Segment Open
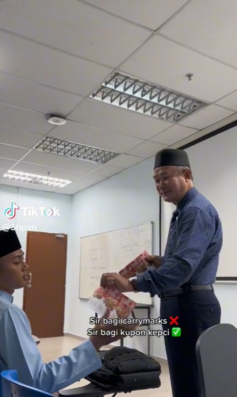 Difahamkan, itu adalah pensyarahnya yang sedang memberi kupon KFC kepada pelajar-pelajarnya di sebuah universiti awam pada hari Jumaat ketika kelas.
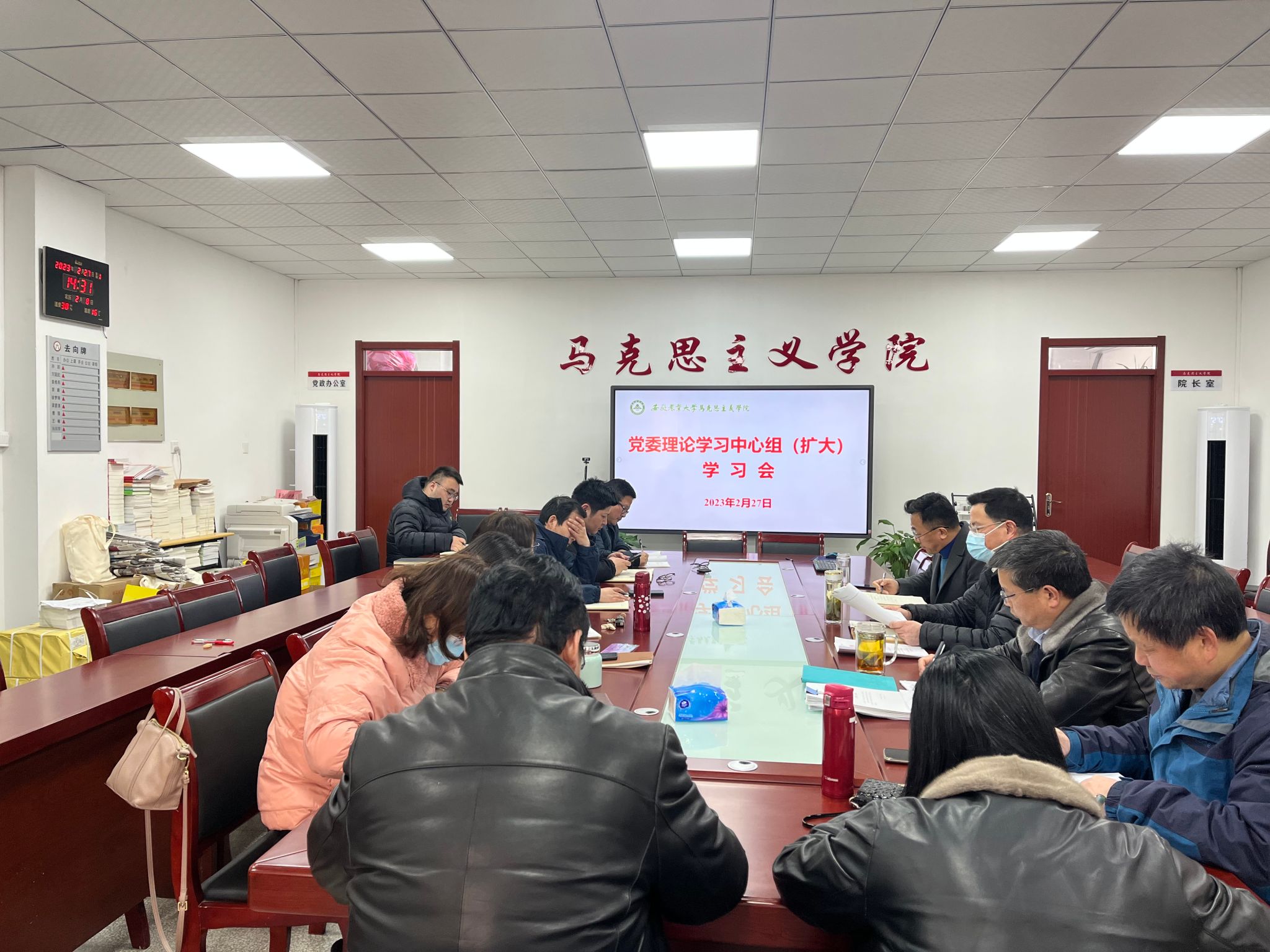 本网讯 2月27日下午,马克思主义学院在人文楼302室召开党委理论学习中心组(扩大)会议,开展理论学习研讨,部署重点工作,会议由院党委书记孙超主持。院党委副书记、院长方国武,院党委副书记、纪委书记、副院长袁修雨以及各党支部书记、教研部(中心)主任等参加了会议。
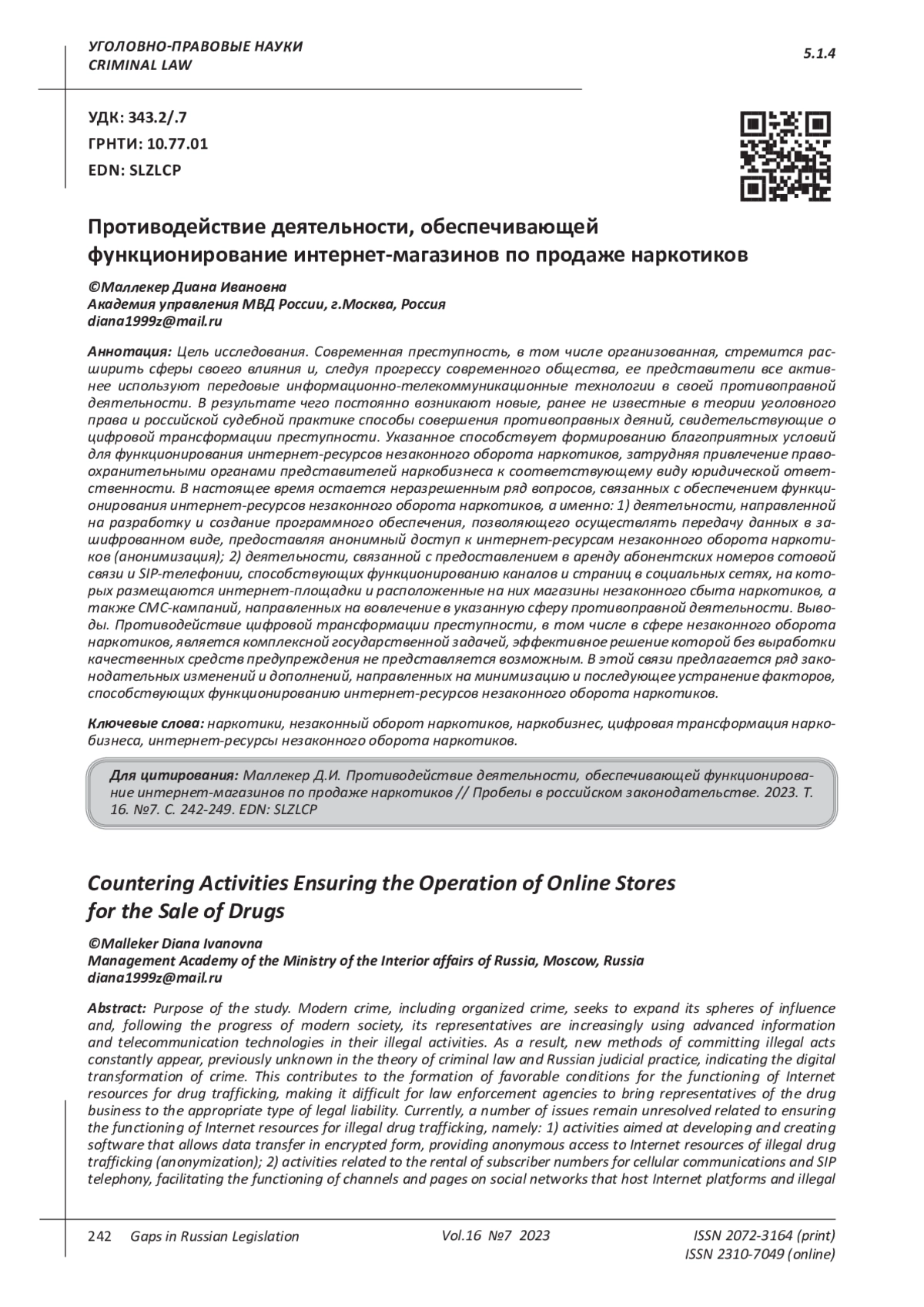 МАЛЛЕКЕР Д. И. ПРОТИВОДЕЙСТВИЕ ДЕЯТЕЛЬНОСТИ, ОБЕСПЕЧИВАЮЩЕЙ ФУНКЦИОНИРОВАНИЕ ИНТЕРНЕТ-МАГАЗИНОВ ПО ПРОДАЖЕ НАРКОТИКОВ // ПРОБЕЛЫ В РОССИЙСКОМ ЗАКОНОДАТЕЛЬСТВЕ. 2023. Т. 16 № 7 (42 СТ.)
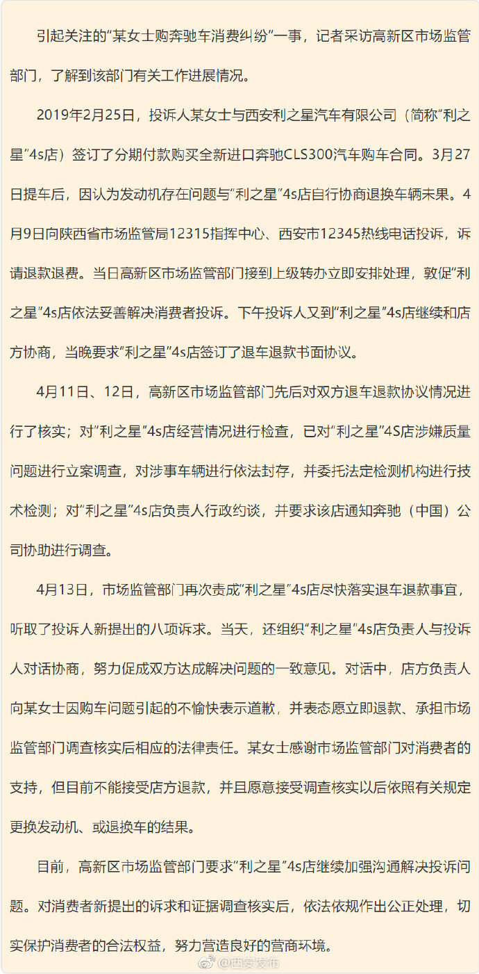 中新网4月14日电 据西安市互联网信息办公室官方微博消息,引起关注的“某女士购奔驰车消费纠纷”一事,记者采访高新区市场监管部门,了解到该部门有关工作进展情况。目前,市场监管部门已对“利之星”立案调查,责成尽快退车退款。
Segment Closed
- Task instructions:
Print the data above exactly, from its first line to the line bearing "本网讯 2月27日下午,马克" inclusive, and keep pictures out of the result.

- Written solution:
 Difahamkan, itu adalah pensyarahnya yang sedang memberi kupon KFC kepada pelajar-pelajarnya di sebuah universiti awam pada hari Jumaat ketika kelas.
 本网讯 2月27日下午,马克思主义学院在人文楼302室召开党委理论学习中心组(扩大)会议,开展理论学习研讨,部署重点工作,会议由院党委书记孙超主持。院党委副书记、院长方国武,院党委副书记、纪委书记、副院长袁修雨以及各党支部书记、教研部(中心)主任等参加了会议。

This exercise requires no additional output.